§ Task to complete:
From the line that contains "Connect your external" down to the last line of the entries, repeat every line exactly. Do not carry over the pictures.
========
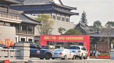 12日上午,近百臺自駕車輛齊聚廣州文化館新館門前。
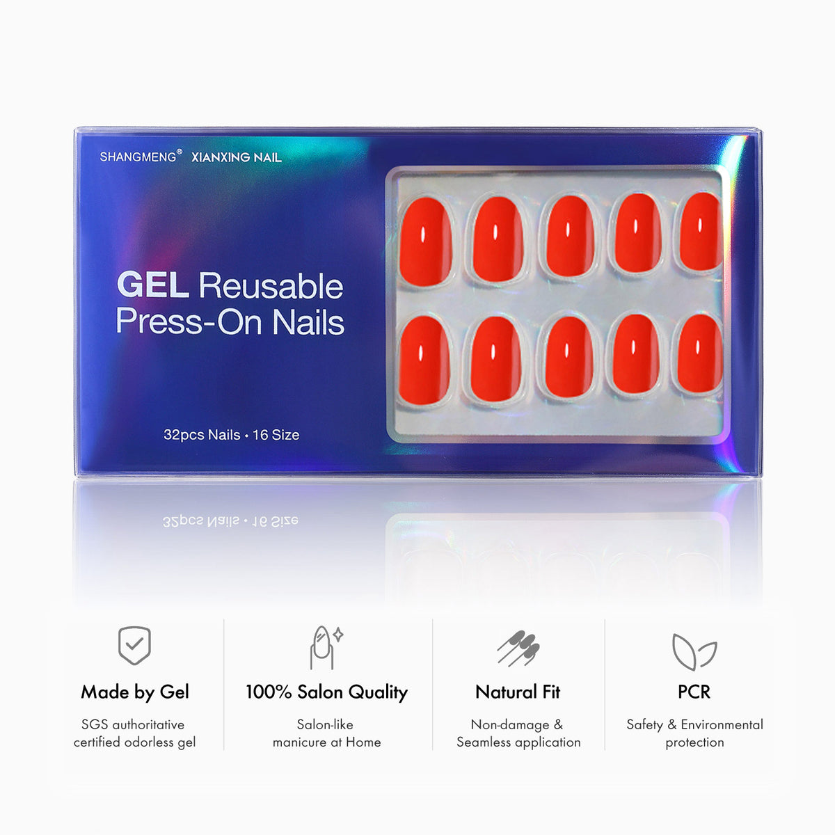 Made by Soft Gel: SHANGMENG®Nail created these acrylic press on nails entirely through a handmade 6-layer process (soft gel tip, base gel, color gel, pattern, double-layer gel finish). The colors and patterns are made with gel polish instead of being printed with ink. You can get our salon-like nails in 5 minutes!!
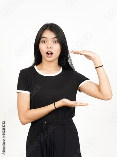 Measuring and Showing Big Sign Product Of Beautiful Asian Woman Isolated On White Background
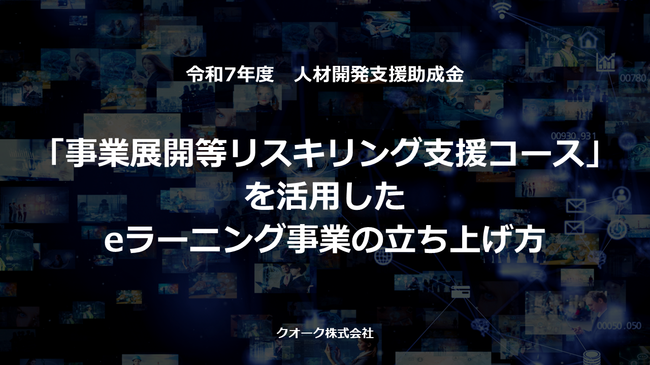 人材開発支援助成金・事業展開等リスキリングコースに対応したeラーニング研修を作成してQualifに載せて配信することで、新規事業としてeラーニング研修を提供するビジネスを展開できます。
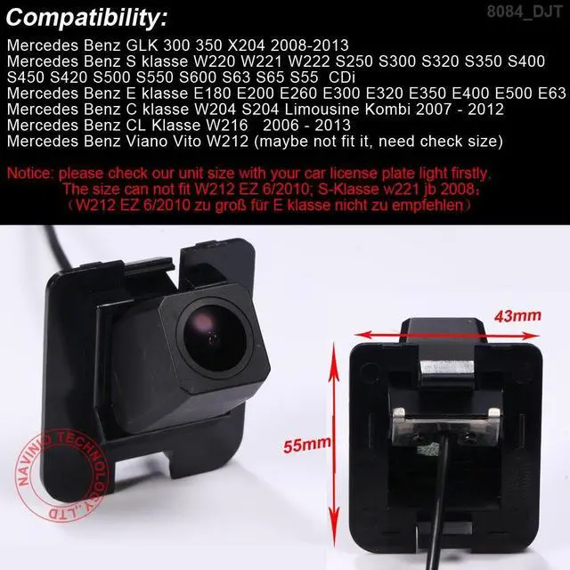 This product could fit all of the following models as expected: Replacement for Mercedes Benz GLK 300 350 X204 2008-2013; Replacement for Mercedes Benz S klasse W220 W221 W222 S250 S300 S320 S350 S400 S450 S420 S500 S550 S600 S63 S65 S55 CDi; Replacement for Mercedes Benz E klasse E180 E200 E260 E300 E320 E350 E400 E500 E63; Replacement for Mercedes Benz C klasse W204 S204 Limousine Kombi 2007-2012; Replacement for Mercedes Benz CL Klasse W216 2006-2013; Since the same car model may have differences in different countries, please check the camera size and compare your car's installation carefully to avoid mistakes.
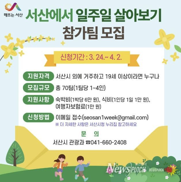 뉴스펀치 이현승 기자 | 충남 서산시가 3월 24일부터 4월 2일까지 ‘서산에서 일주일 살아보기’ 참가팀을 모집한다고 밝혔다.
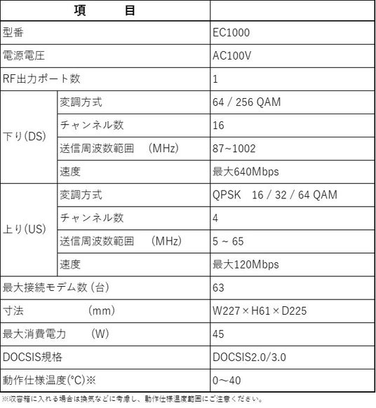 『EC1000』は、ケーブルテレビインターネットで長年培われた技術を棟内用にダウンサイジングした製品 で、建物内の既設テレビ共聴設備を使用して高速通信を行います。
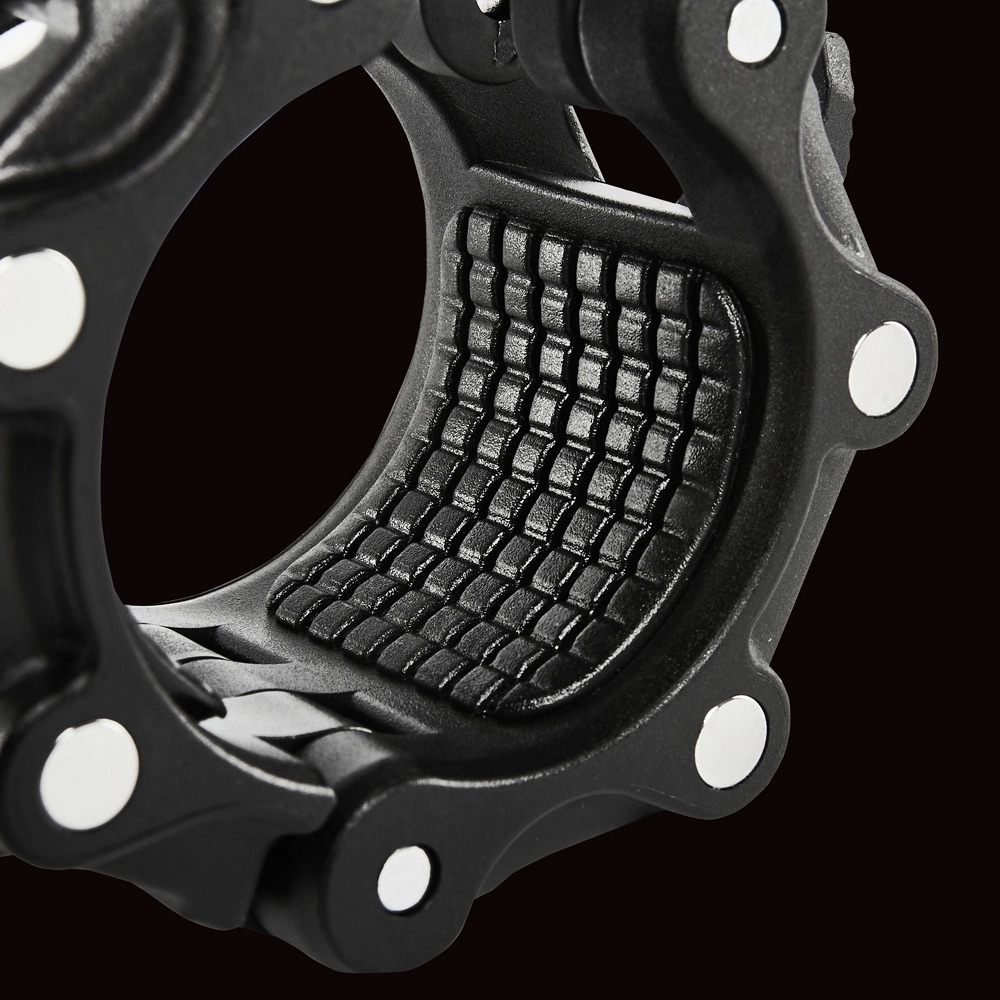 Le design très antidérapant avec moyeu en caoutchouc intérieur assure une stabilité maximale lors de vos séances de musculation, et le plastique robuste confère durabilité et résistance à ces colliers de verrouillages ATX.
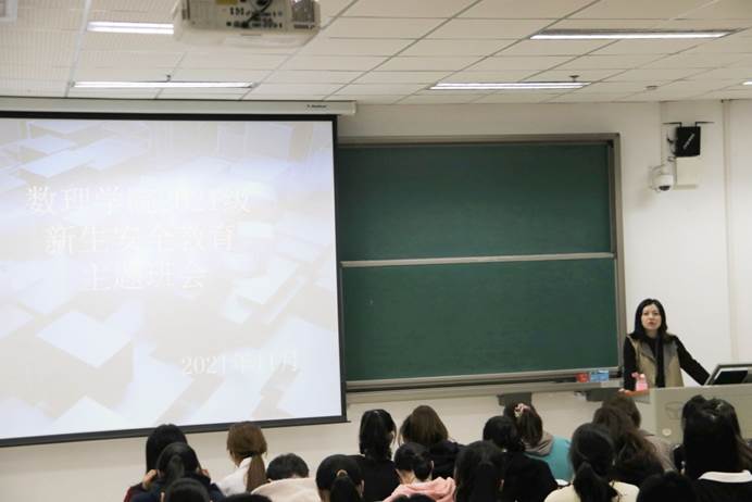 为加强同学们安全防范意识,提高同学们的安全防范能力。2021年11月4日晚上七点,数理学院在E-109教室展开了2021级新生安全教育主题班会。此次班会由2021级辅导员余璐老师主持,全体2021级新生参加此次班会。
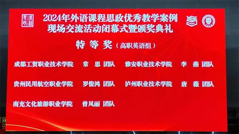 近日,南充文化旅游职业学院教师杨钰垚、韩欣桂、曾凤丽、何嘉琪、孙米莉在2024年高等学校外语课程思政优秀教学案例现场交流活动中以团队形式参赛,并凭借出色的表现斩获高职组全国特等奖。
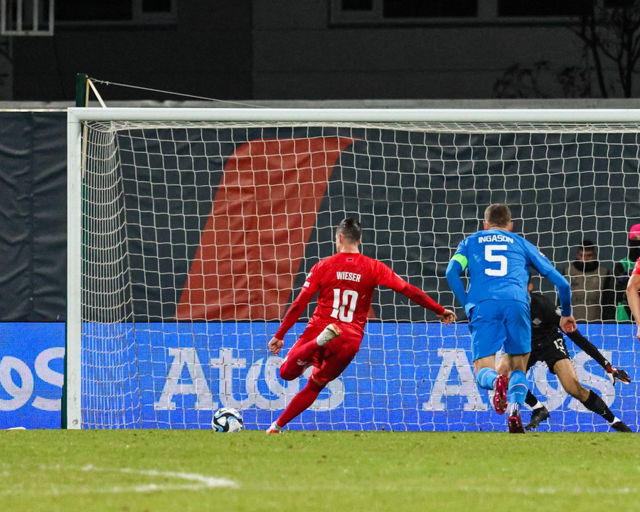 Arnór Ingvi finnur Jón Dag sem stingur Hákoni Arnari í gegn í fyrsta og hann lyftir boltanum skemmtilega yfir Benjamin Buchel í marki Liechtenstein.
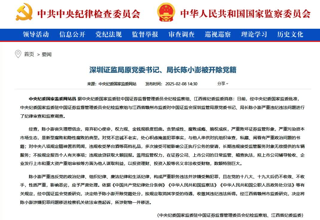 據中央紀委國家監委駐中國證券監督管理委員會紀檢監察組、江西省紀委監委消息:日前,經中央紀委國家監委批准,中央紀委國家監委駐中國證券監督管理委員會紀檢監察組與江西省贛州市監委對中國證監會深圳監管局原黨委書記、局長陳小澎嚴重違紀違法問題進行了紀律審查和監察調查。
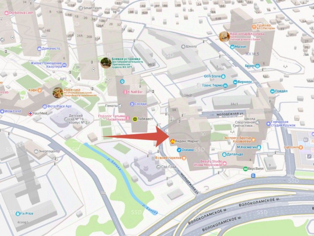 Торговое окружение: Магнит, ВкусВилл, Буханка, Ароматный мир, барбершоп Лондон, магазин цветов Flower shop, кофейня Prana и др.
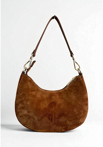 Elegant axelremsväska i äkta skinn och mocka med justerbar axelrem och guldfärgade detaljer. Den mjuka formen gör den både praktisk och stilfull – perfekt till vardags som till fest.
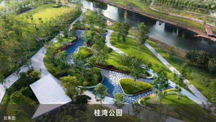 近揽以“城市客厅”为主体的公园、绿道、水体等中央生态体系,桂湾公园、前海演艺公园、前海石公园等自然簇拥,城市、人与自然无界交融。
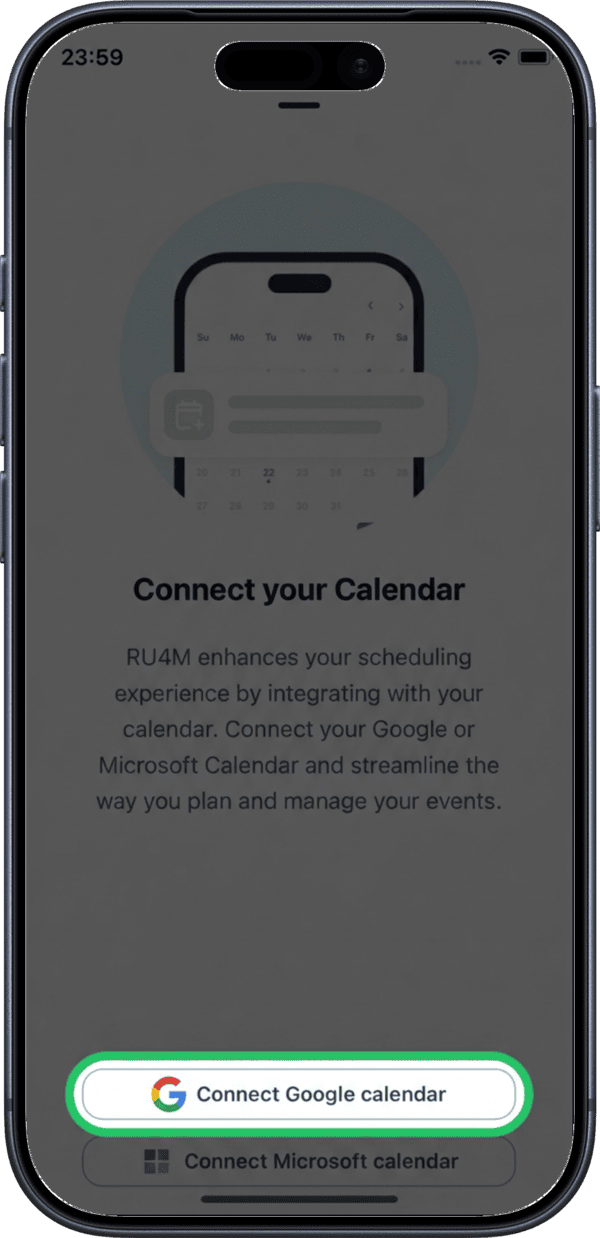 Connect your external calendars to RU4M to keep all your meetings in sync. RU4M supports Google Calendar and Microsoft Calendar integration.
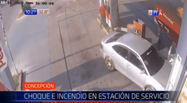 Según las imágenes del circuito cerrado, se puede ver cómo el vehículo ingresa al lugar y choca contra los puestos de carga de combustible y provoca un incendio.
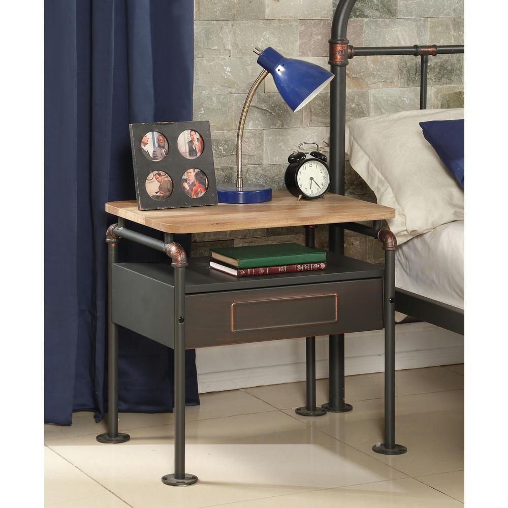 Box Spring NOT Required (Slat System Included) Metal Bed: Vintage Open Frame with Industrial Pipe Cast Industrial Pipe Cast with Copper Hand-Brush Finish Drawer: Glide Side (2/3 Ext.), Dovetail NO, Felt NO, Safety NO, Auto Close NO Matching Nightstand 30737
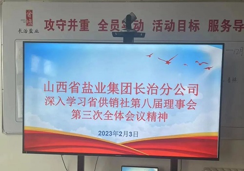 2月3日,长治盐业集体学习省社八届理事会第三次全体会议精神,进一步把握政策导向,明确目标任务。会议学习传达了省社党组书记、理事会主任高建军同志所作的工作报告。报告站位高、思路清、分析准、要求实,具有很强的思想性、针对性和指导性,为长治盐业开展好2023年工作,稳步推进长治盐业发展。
========
§ Exercise solution:
 Connect your external calendars to RU4M to keep all your meetings in sync. RU4M supports Google Calendar and Microsoft Calendar integration.
 Según las imágenes del circuito cerrado, se puede ver cómo el vehículo ingresa al lugar y choca contra los puestos de carga de combustible y provoca un incendio.
 Box Spring NOT Required (Slat System Included) Metal Bed: Vintage Open Frame with Industrial Pipe Cast Industrial Pipe Cast with Copper Hand-Brush Finish Drawer: Glide Side (2/3 Ext.), Dovetail NO, Felt NO, Safety NO, Auto Close NO Matching Nightstand 30737
 2月3日,长治盐业集体学习省社八届理事会第三次全体会议精神,进一步把握政策导向,明确目标任务。会议学习传达了省社党组书记、理事会主任高建军同志所作的工作报告。报告站位高、思路清、分析准、要求实,具有很强的思想性、针对性和指导性,为长治盐业开展好2023年工作,稳步推进长治盐业发展。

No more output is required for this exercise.